İktidar mücadelesi, çoğunlukla ordu gibi bireysel devlet birimlerine bağımsızlık kazandırır ve daha sonra darbe yapar. Parlamento ve cumhurbaşkanı arasında da benzer ihtilaflar yaşanmaktadır (1993'te Rusya, siyasi güçlerin bu ilkeye göre bölündüğü durumlarda). Sistem, gelişmiş siyasi partileri beslemiş ve yetkililer üzerinde kontrol sahibi olmuşsa, seçimlerde devlet ve gücü kazanır.
Siyasi partiler
Vatandaşları aynı siyasi görüşlerle bir araya getiren ideolojik bir organizasyon, programını iktidarda uygulamak için bir parti yaratıyor. İdeoloji bir felsefedir, partiyi siyasi mücadelede yönlendiren fikirler. Bu ilkeye göre, partiler liberal, muhafazakar, sosyal demokratik ve basitçe demokratik, komünist, sosyalist ve milliyetçi olarak ayrılabilir.Her biri önde gelen personele ve organizasyon yapısına sahip, bir tüzüğü var ve üyelik resmileşti.
Elli bin üyesi olmayan bir kuruluş Rusya’da parti olarak adlandırılamaz. Devlet, partileri sistemik ve sistemik olmayan bir sisteme böler; burada sistemik, mevcut politik sistemin bir parçasıdır ve mevcut yasalarla yönetilir. Sistemik olmayanlar genellikle yarı-yasal veya yasa dışıdır ve mevcut sisteme karşı savaşırlar. Demokratik devletler genellikle el değiştirir: bir sonraki seçimlerden sonra iktidar partisi muhalefet olabilir ve muhalefet iktidarda olabilir. Otoriter ve totaliter devletler genellikle tek partili, nadiren iki partili ve demokratik çok partilidir.
Diğer gruplar
Siyasi sistemlerde daha az önemli yer sosyo-politik hareketler ve kamu kuruluşları. Seçimlere nadiren üye oluyorlar, çünkü sayıları az. Çıkar grupları veya baskı grupları, sendikaların yanı sıra büyük tekeller, sanayi kuruluşları, medya, kilise ve iktidara gelme hedefi olmayan diğer birçok kurumlardır. Ancak bu tür gruplar, belirli çıkarları karşılamak için (örneğin vergileri azaltmak gibi) yetkililer üzerinde etkili olabilir (baskı yapabilir). Devletin olsun ya da olmasın tüm bu yapısal unsurlar, belirli deneyimler kazanıldığından beri, özel siyasi gelenek ve normlara uygun olarak çalışır.

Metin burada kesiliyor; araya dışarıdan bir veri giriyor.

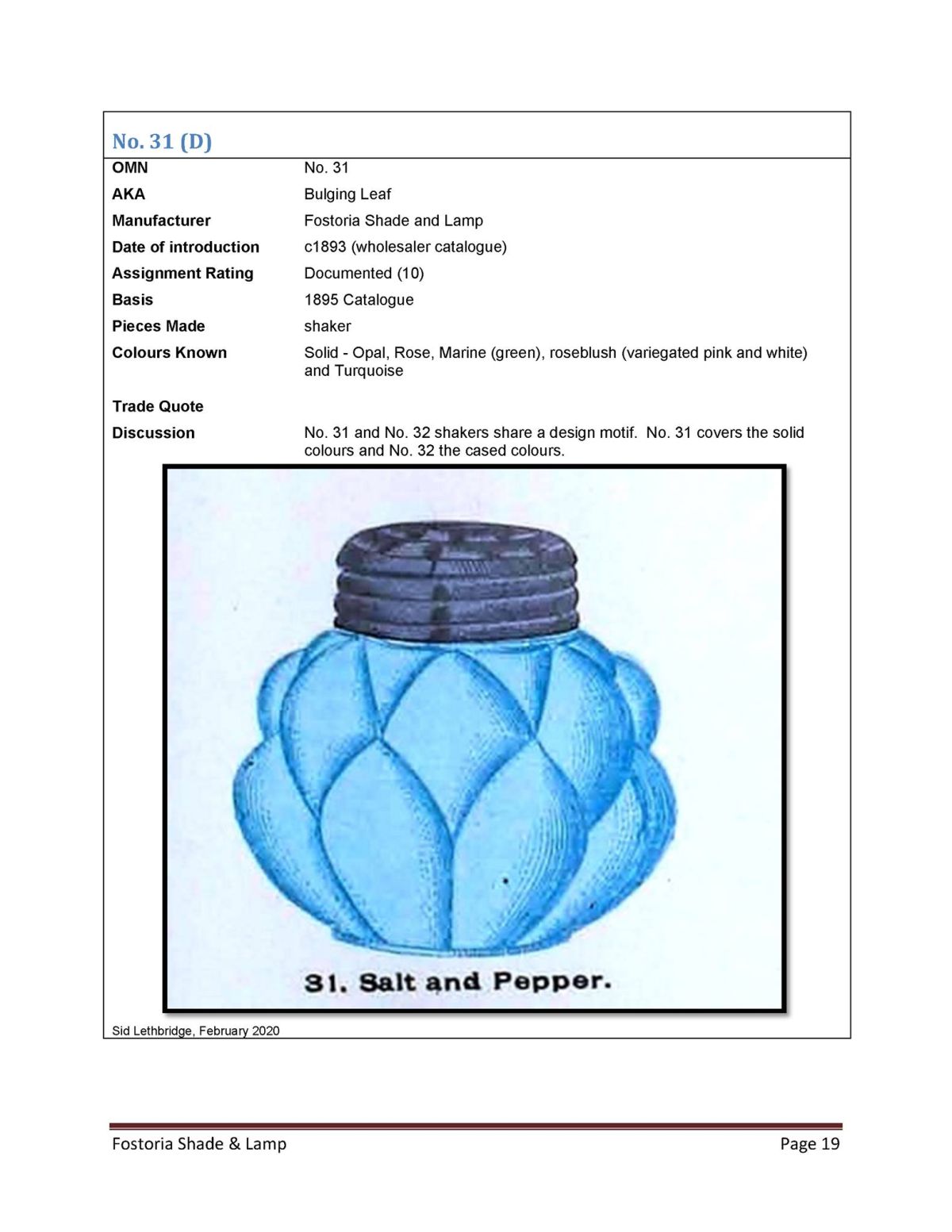 NOTE: No. 31 and No. 32 shakers share a design motif. No. 31 covers the solid colors, No. 32. the cased colors.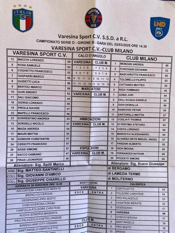 Seguiremo con aggiornamenti anche la sfida del girone B di Venegono dove è atteso un buon pubblico (entrano gratis i residenti dei comuni dove la Varesina ha i suoi centri sportivi e cioè Venegono Superiore, Venegono Inferiore, Vedano Olona, Cairate e Castiglione Olona): di fronte c'è il Club Milano, ostico e in grande rimonta dopo il ritorno in panchina di Scavo (23 punti in 13 gare), rossoblù di casa con molteplici assenze (Chironi, Caverzasi, Miconi, Argint, Gianola, Cosentino e Ghioldi, quest'ultimi squalificati; in panchina ci sono cinque 2007 e un 2006) ma con un attacco e un cuore capaci di tutto.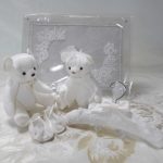 元ドレスの胸元のレースとビジューをベビーのヨークと帽子にアレンジしました。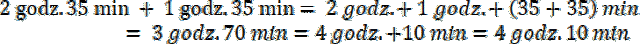 Minuty dodawaj osobno, godziny dodawaj osobno. Pamiętaj, że 60 minut to jedna godzina.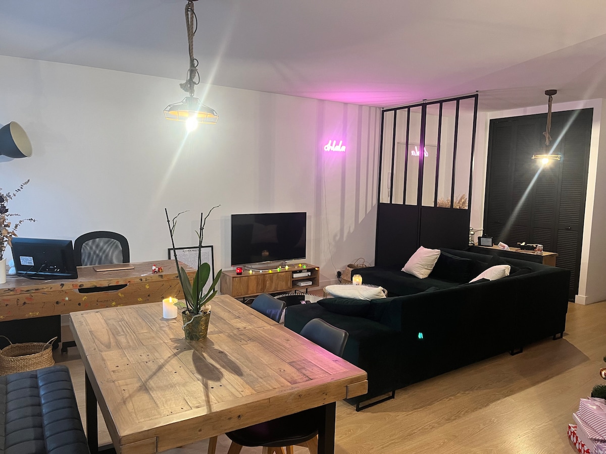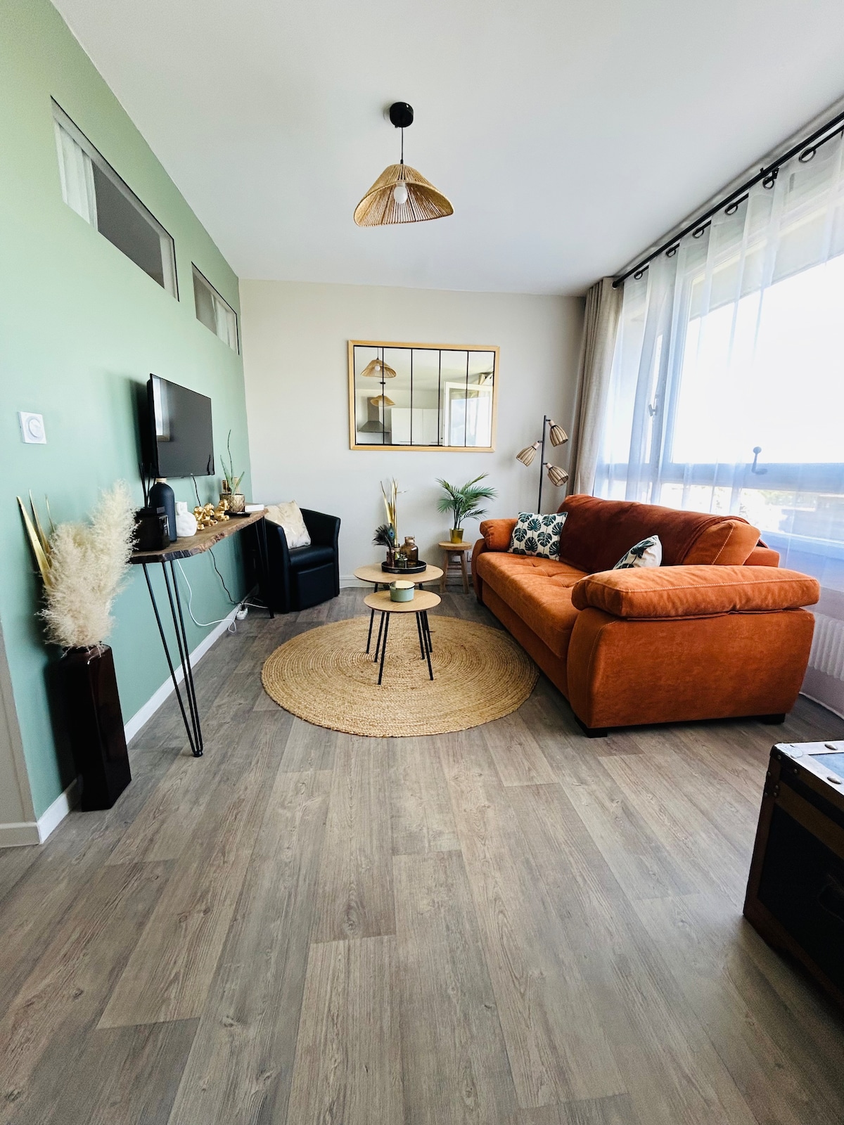 Logement de 70m2 parfaitement situé en hyper centre de Caen. Fonctionnel et optimisé pour les voyageurs. Tram et arrêt de bus au pied du logement. Des places de parking sont disponibles à 2 pas et gratuites de 19h à 9h. À pied : Quelques minutes des commodités du centre (restaurants, bars, magasins, port et sites touristiques) 2 min du centre ancien 2 min du marché du dimanche matin 10 min de la gare 20 min en voiture de la mer Profitez de la ville en plein cœur de Caen !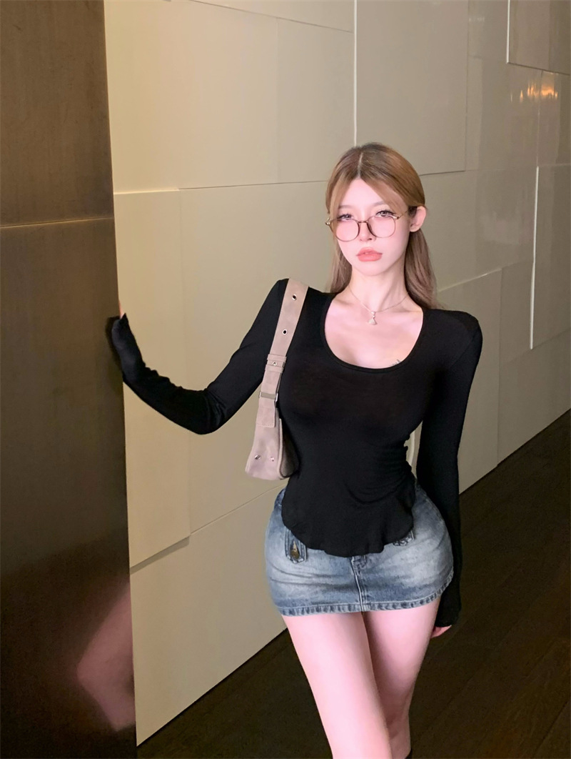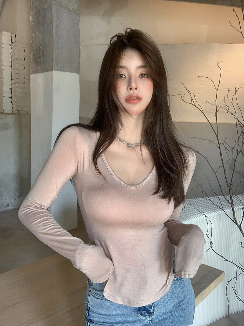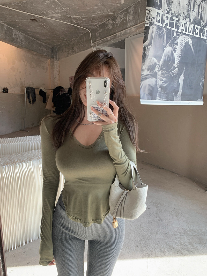 섹시한 퓨어 스파이스 걸 U 칼라 불규칙한 티셔츠 여성용 봄과 가을 슬림핏 긴 소매 내베이스 셔츠 탑 도매스토어 가기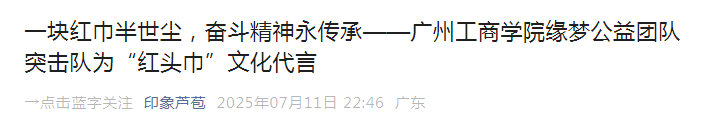 从对话艳阳红太极队、探访展览馆,到聆听锐爷爷的家族故事,缘梦公益团队突击队的调研之旅,是与“红头巾”精神的深度对话。成员们表示,将以此次经历为起点,把“红头巾”精神融入血脉,在乡村振兴等实践中,书写当代青年奋斗答卷,让红头巾精神在新时代持续闪耀,照亮更多逐梦之路。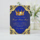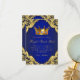 Cartões de agradecimento para festa de aniversário do príncipe com coroa de jóias reais em um fundo azul real e dourado. Este lindo cartão de agradecimento para festa de aniversário do príncipe azul real e dourado é facilmente personalizado adicionando sua mensagem. Este é um design impresso sem jóias reais, glitter, etc.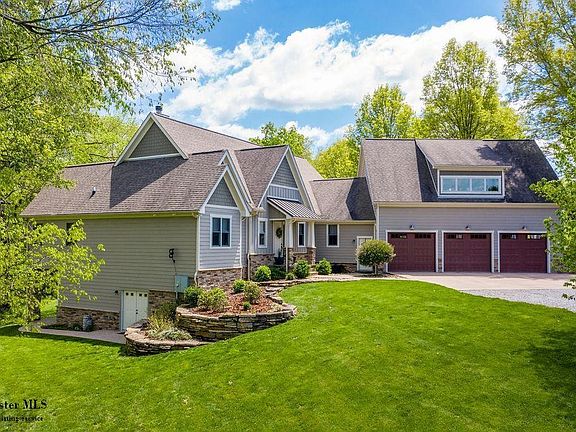 Prepare to be impressed when you enter this superbly maintained & fully custom home on 9 acres. The main floor incorporates a generous custom kitchen, welcoming living & dining room, & guest powder room. The open plan living space has abundant natural light from the wide angled windows. First floor master suite includes free-standing soaking tub, custom walk-in shower, & separate laundry room. The large kitchen boasts granite counters, SS appliances, plenty of storage, tons of cabinet accessories.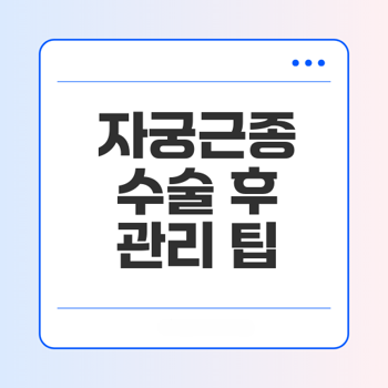 적절한 회복 관리는 회복 기간을 단축시키고, 수술 후 부작용을 예방하는 데 도움이 됩니다. 자궁근종 수술 후에는 이와 같은 기초 관리 방법을 충실히 이행하여 건강을 빠르게 회복하실 수 있습니다. 건강이 최고입니다! 🏥✨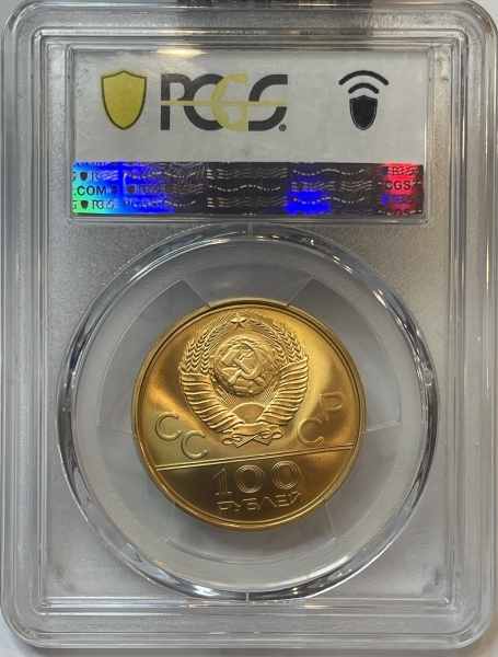Золотая монета 100 рублей "Факел" Олимпиада 80, 1980г., в слабе PCGS MS 70

Geleneksel olarak, oylamada ikiden daha az adayın olduğu, gösteriler, mitingler, mevcut ve gelecekteki milletvekilleri ve seçmenlerin toplantılarının yapıldığı ve siyasi sistemin bir işlevi doğru olmayan bir fikir etrafında toplanıp toplanamayan seçimler yapılır. Siyasi iktidar devlet iktidarından çok daha geniştir, o yüzden pek çok farklı kurum buna bağlı olarak, genel olarak, hatta biraz kişiliksiz görünüyor. Bir siyasi sistemin işlevi, tüm unsurlarının ve birimlerinin toplam çabalarından oluşur ve siyasi otoriteler hükümet sistemi bu işlevin mekanizmasıdır.